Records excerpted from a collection
──────

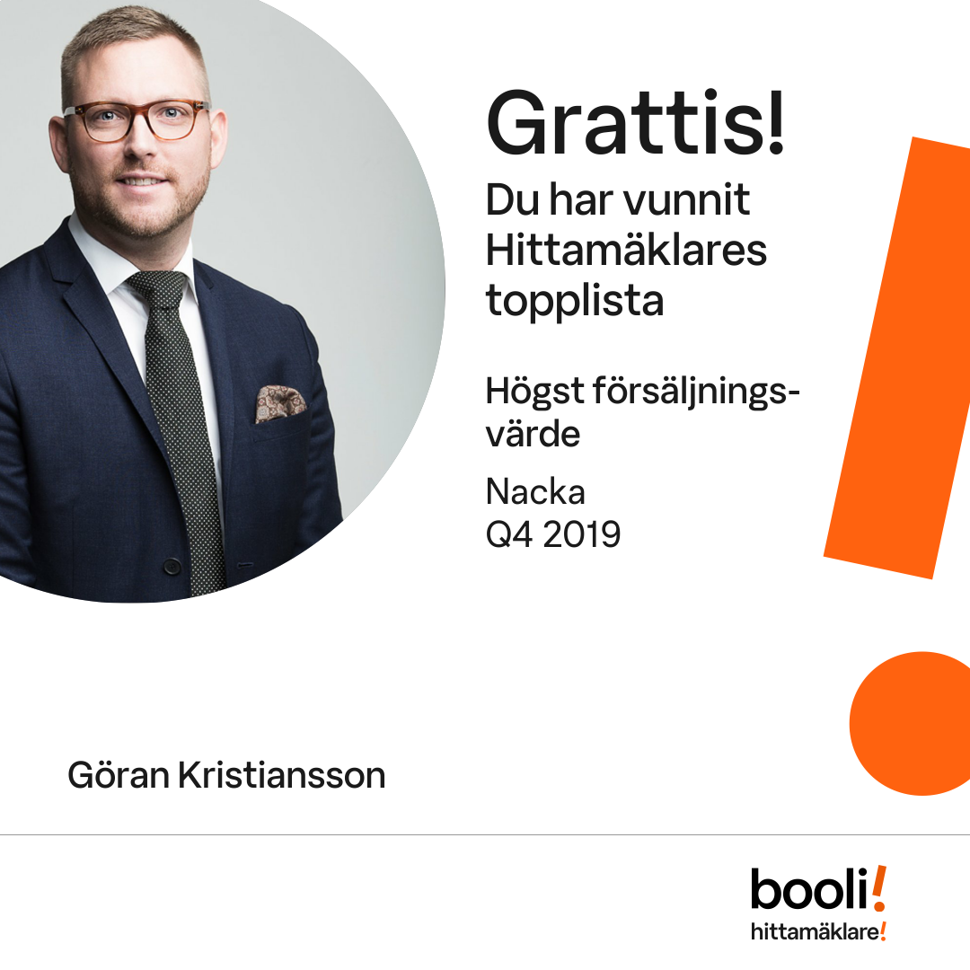 Statistik för publicerade bostäder, försäljningar och omdömen baseras på data från Booli och Hittamäklare. Statistiken för försäljningar avser inrapporterade och verifierade slutpriser från mäklare eller av Booli inhämtade och verifierade slutpriser. Statistiken för publicerade bostäder baseras på information som publicerats på Booli.se. Statistik för omdömen och rekommendationer baseras på omdömen från säljare som lämnats via Booli och Hittamäklare.
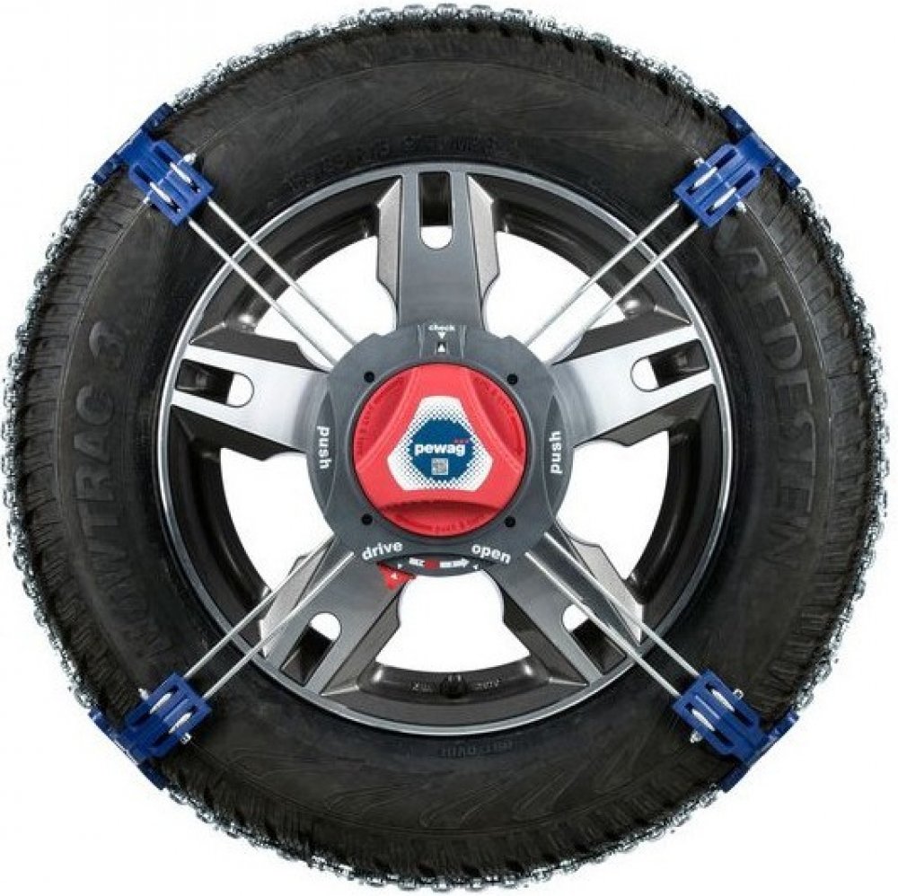 Inovativní pewag nasazovací systém s automatickou servo ráčnou. Řešení pro vozidla kde není dostatek prostoru pro standardní sněhové řetězy.
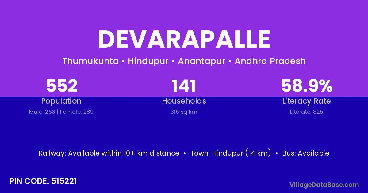 Devarapalle village has a total population of 895 people, of which 506 are males and 389 are females.
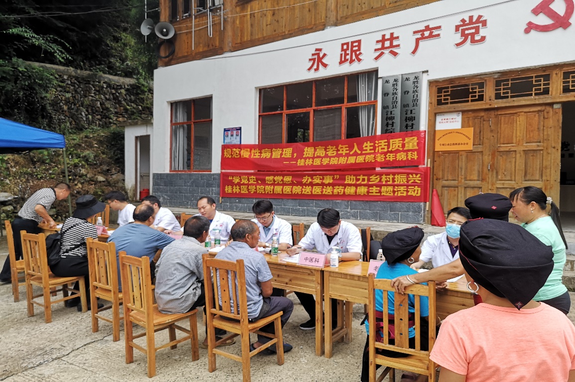 近几年,桂林医学院附属医院积极响应国家号召,定期开展健康扶贫和送医送药义诊活动。特别在党史学习教育期间,医院民主党派与广大党员一起深入学习党史,心往一处想,劲往一处使,在“我为群众办实事”活动中画出最大同心圆。此次中共党员、民主党派组成的医疗义诊团队深入边远山区、困难家庭进行疾病筛查、免费义诊,让优势医疗资源下沉到最基层,让老百姓足不出户就能享受到三甲医院专家的诊疗服务。
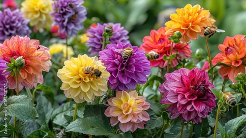 A close-up of vibrant garden flowers in various colors, with bees buzzing around them
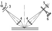 Oberflächenprüfverfahren, optisches: 1 Quelle, 2 Kondensor, 3 Spalt, 4 Objektiv, 5 Okular, 6 Meßschraube.
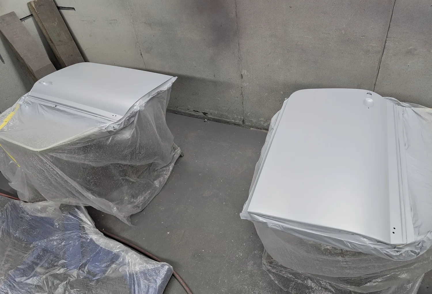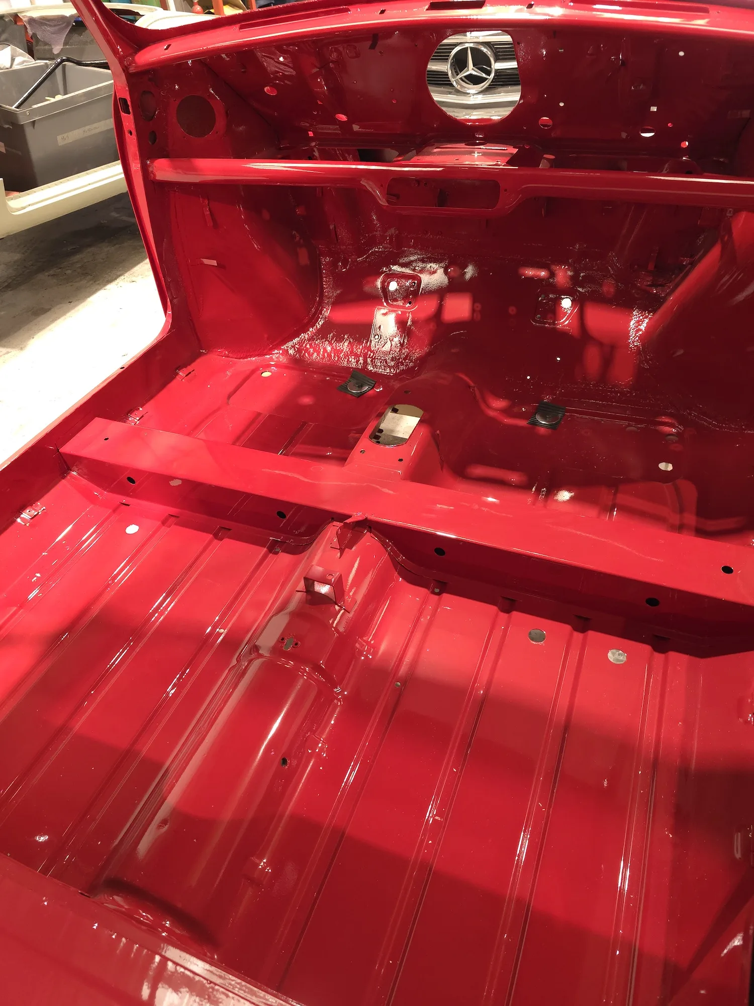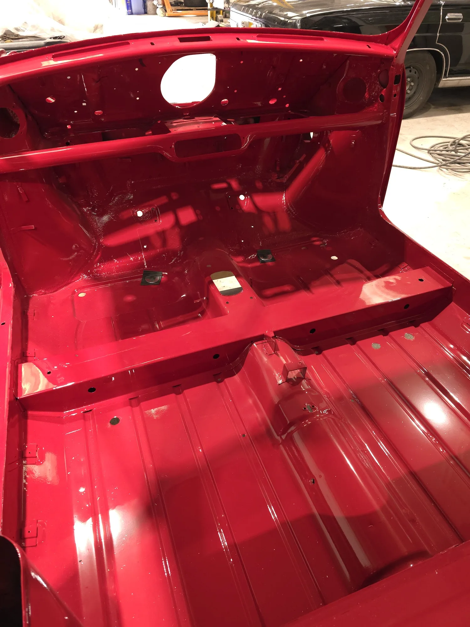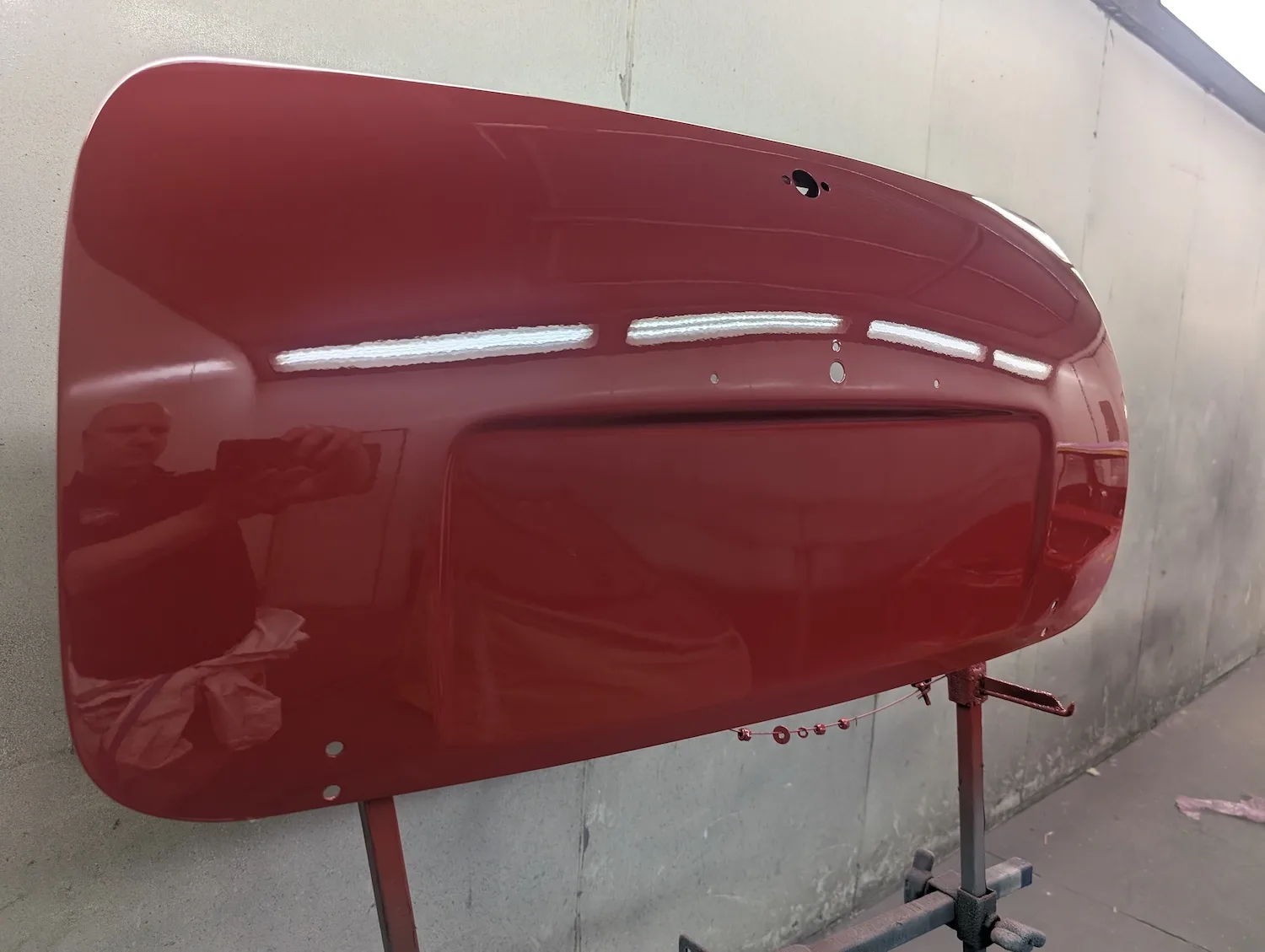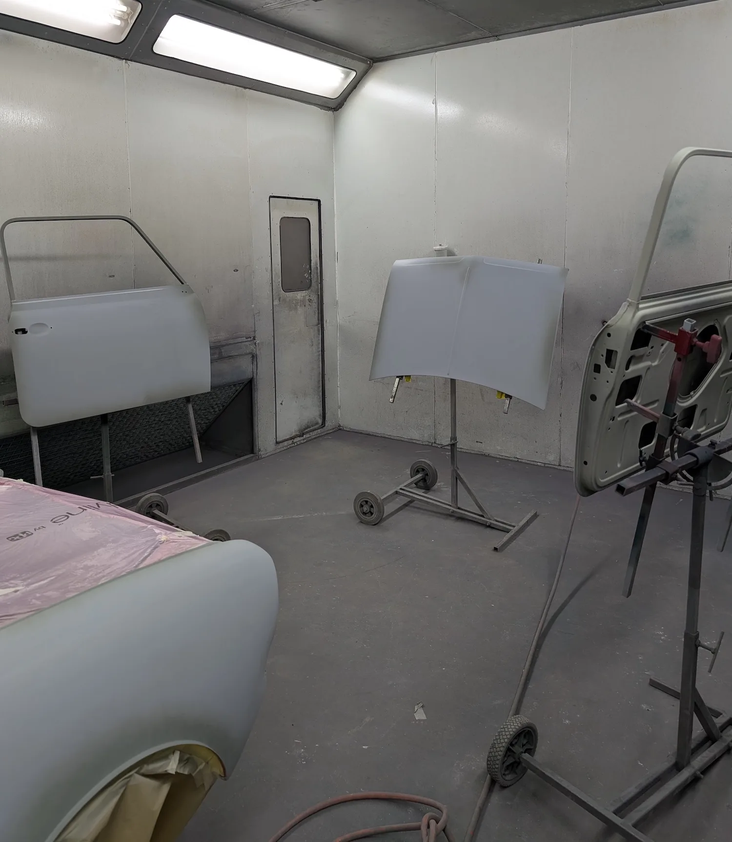 Paintwork on the body, doors and bonnet has been completed. Once the side doors, boot door and bonnet have been refitted the shell will then go back to the owner.

──────

=== WORK INSTRUCTIONS ===
Return every entry above exactly. Pictures stay out.

=== OUTPUT BELOW ===
 Statistik för publicerade bostäder, försäljningar och omdömen baseras på data från Booli och Hittamäklare. Statistiken för försäljningar avser inrapporterade och verifierade slutpriser från mäklare eller av Booli inhämtade och verifierade slutpriser. Statistiken för publicerade bostäder baseras på information som publicerats på Booli.se. Statistik för omdömen och rekommendationer baseras på omdömen från säljare som lämnats via Booli och Hittamäklare.
 Inovativní pewag nasazovací systém s automatickou servo ráčnou. Řešení pro vozidla kde není dostatek prostoru pro standardní sněhové řetězy.
 Devarapalle village has a total population of 895 people, of which 506 are males and 389 are females.
 近几年,桂林医学院附属医院积极响应国家号召,定期开展健康扶贫和送医送药义诊活动。特别在党史学习教育期间,医院民主党派与广大党员一起深入学习党史,心往一处想,劲往一处使,在“我为群众办实事”活动中画出最大同心圆。此次中共党员、民主党派组成的医疗义诊团队深入边远山区、困难家庭进行疾病筛查、免费义诊,让优势医疗资源下沉到最基层,让老百姓足不出户就能享受到三甲医院专家的诊疗服务。
 A close-up of vibrant garden flowers in various colors, with bees buzzing around them
 Oberflächenprüfverfahren, optisches: 1 Quelle, 2 Kondensor, 3 Spalt, 4 Objektiv, 5 Okular, 6 Meßschraube.
 Paintwork on the body, doors and bonnet has been completed. Once the side doors, boot door and bonnet have been refitted the shell will then go back to the owner.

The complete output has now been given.